PROBLEM: All of the listing must be given again exactly, except that the images are dropped.

DATASET SECTION:

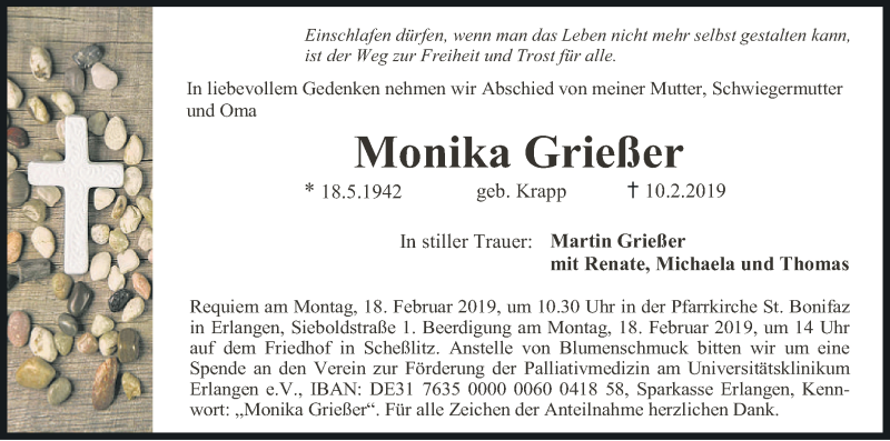 Hier finden Sie alle Traueranzeigen aus der Zeitung, die bisher für Monika Grießer erschienen sind. Weitere Traueranzeigen, die in der Zeitung erscheinen, werden hier ebenfalls aufgelistet
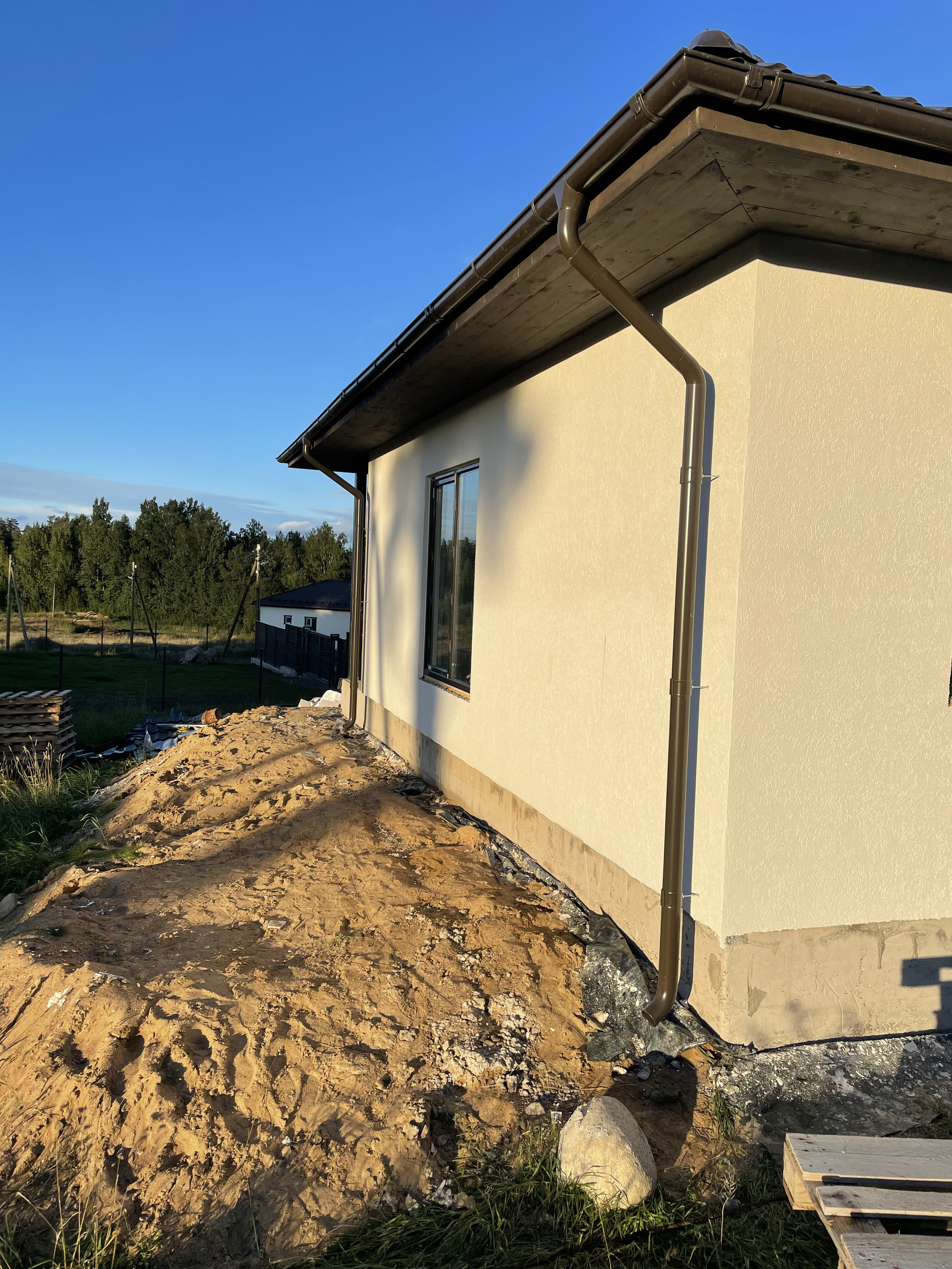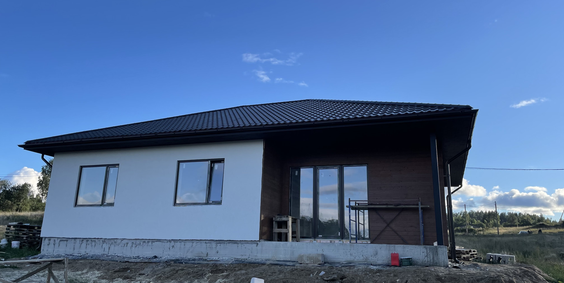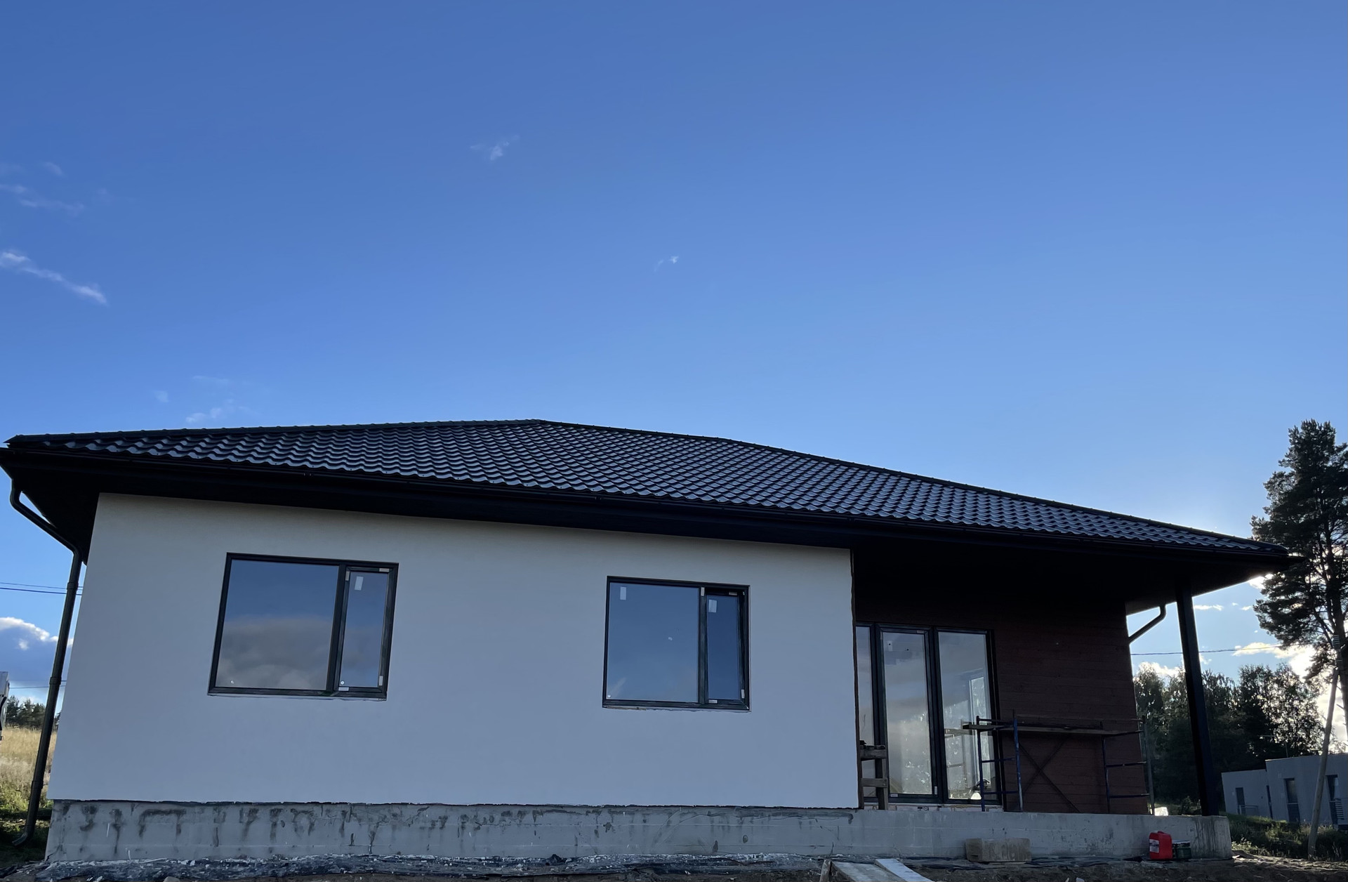 Дом построен на монолитной плите, стены из газобетона. Панорамный вид на сосны. Сухой участок в 9 соток.
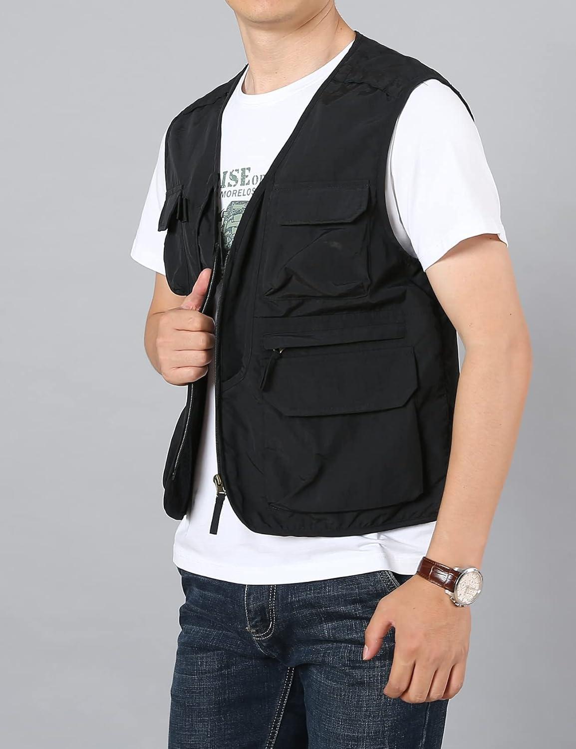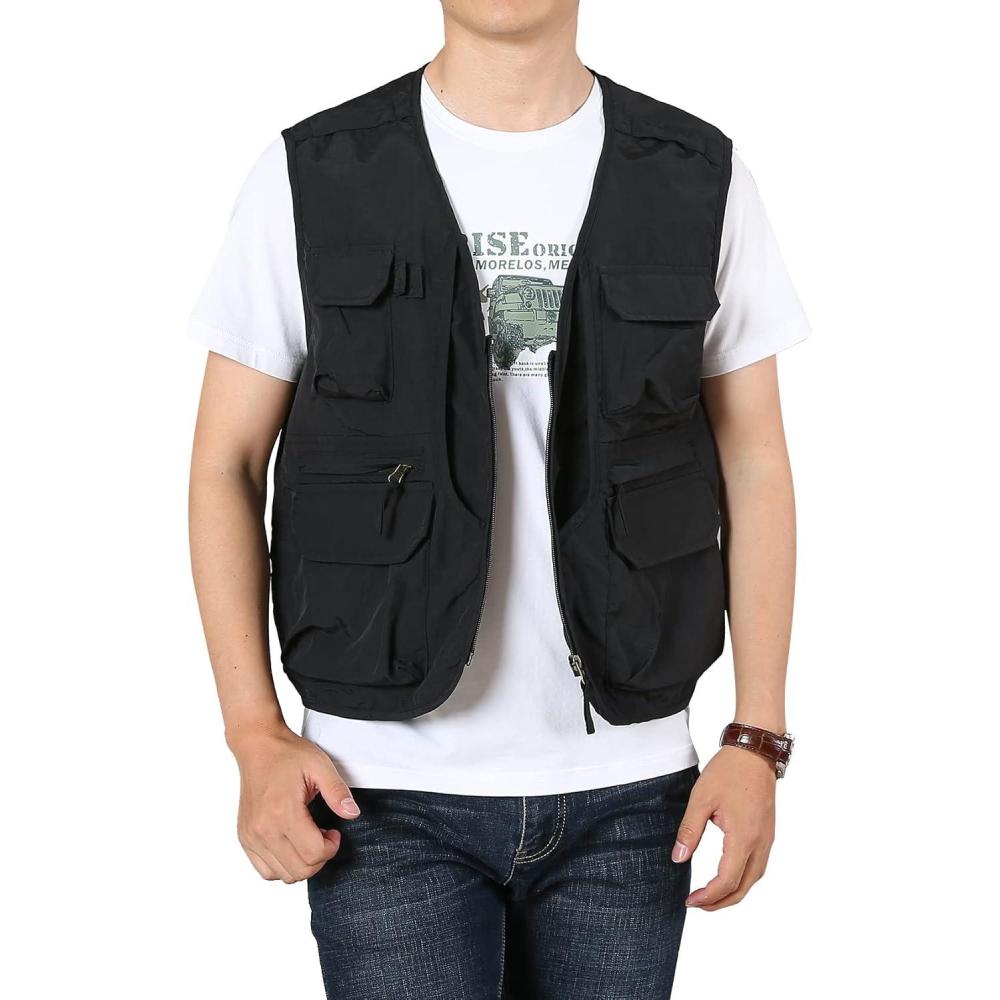 Flygo Men’s Utility Cargo Vest Outdoor Fishing Safari Travel Work Photo Vest with Pockets(01 Black)
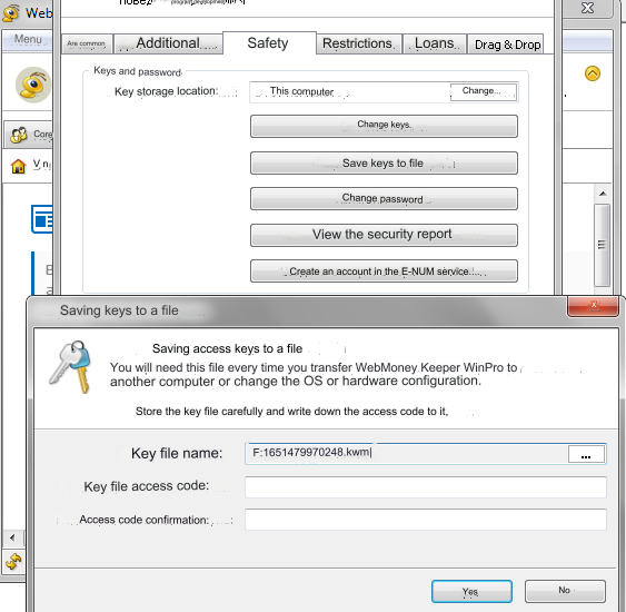 Next, enter the “Access code for the key file” and “Confirmation”.

FINAL ANSWER:
 Hier finden Sie alle Traueranzeigen aus der Zeitung, die bisher für Monika Grießer erschienen sind. Weitere Traueranzeigen, die in der Zeitung erscheinen, werden hier ebenfalls aufgelistet
 Дом построен на монолитной плите, стены из газобетона. Панорамный вид на сосны. Сухой участок в 9 соток.
 Flygo Men’s Utility Cargo Vest Outdoor Fishing Safari Travel Work Photo Vest with Pockets(01 Black)
 Next, enter the “Access code for the key file” and “Confirmation”.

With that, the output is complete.